Uddevalla, 1973
Laila nunca había creído en el mal, pero ahora sí que creía en él. Podía mirarlo a los ojos a diario, y el mal le devolvía la mirada. Estaba asustada y cansada hasta lo indecible. ¿Cómo podía dormir con el mal en su propia casa? ¿Cómo descansar un segundo siquiera? Impregnaba las paredes, habitaba cada rincón, cada escondrijo, por diminuto que fuera.
Ella misma lo había dejado entrar, incluso lo había creado. Lo había nutrido, lo había alimentado, lo había dejado crecer hasta que se volvió incontrolable.
Se observó las manos. Las cicatrices cruzaban el dorso de la mano como rayos de color rojo, y el meñique derecho tenía un ángulo extraño. Tendría que ir otra vez al médico y, una vez más, enfrentarse a aquellas miradas suspicaces, a aquellas preguntas que no podría contestar. Porque ¿cómo iba a contarles la verdad? ¿Cómo iba a compartir el terror que la embargaba? No habría palabras para describirlo. No serviría de nada.
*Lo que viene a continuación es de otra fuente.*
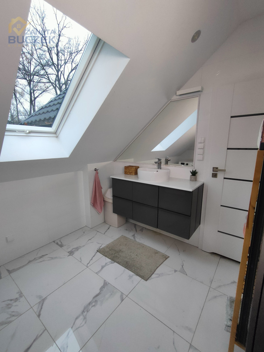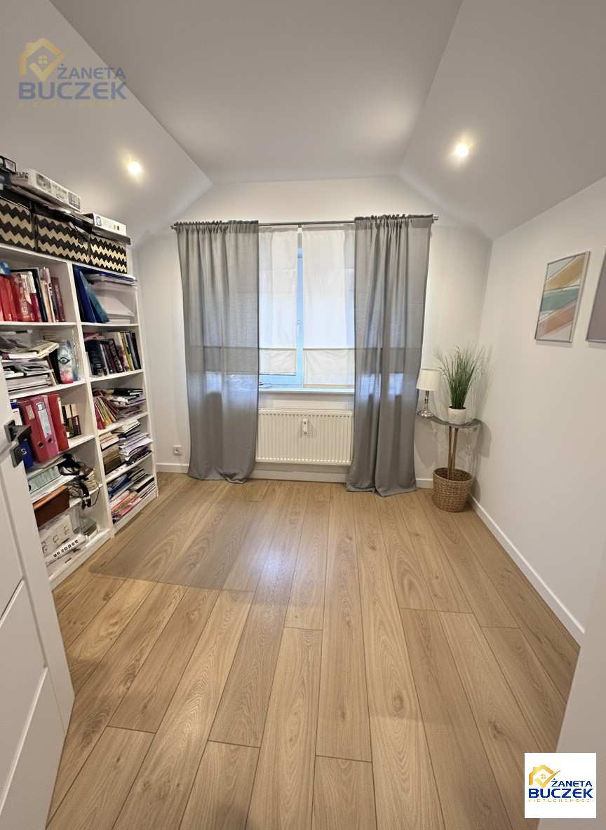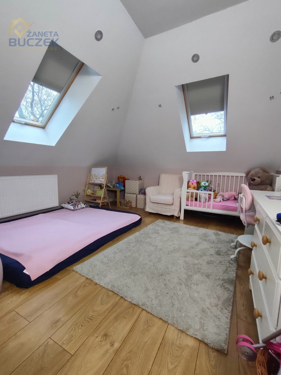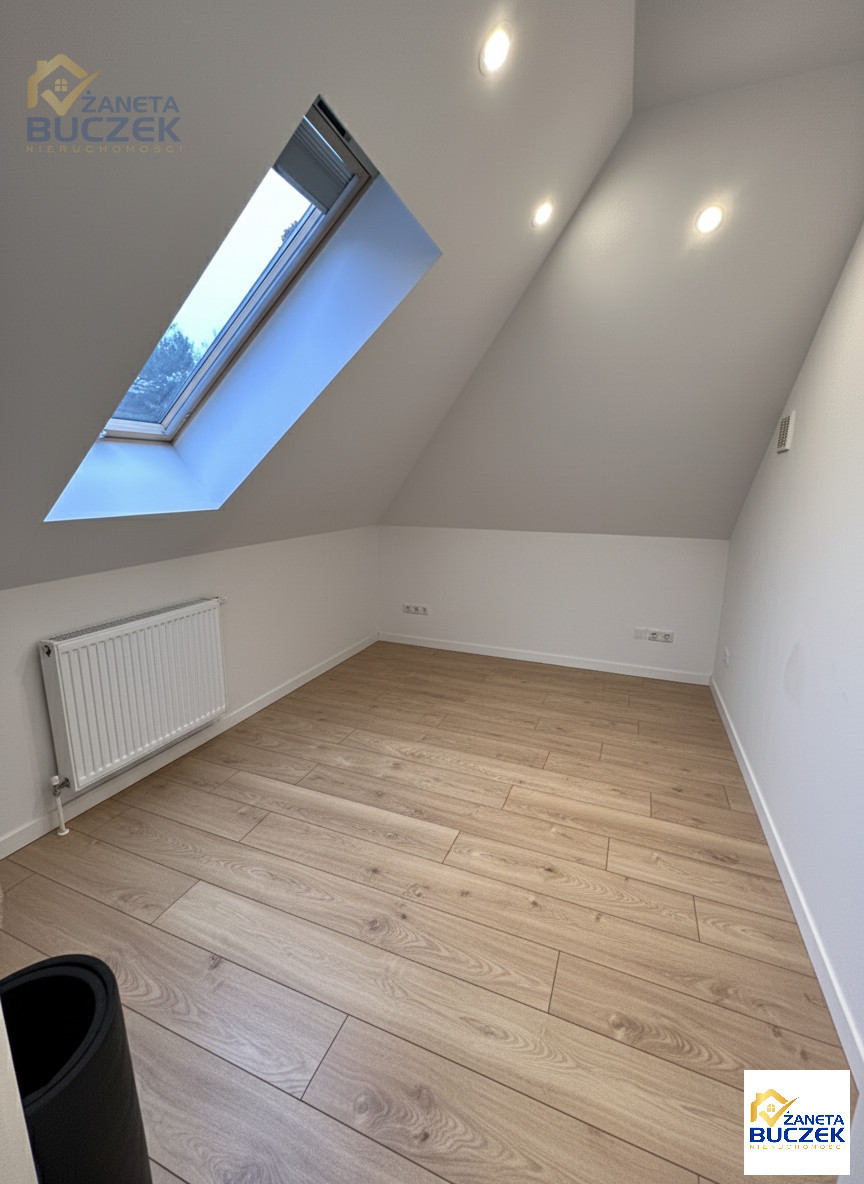 Sypialnie: Dwa doskonale doświetlone pokoje, wyposażone w okna dachowe oraz standardowe, zapewniające dużo naturalnego światła. Sypialnia główna z własną garderobą i sypialnia dziecięca.

Tendría que seguir callando y mintiendo, aunque se les notaba en la cara que no la creían.
El dolor le latía en el dedo. Le costaría cuidar de Peter y hacer las tareas, pero había aprendido mucho de su capacidad. De lo mucho que era capaz de soportar, con cuánto miedo y cuánto horror podía convivir, lo cerca que podía estar del mal sin retroceder un palmo. De alguna forma, funcionaría.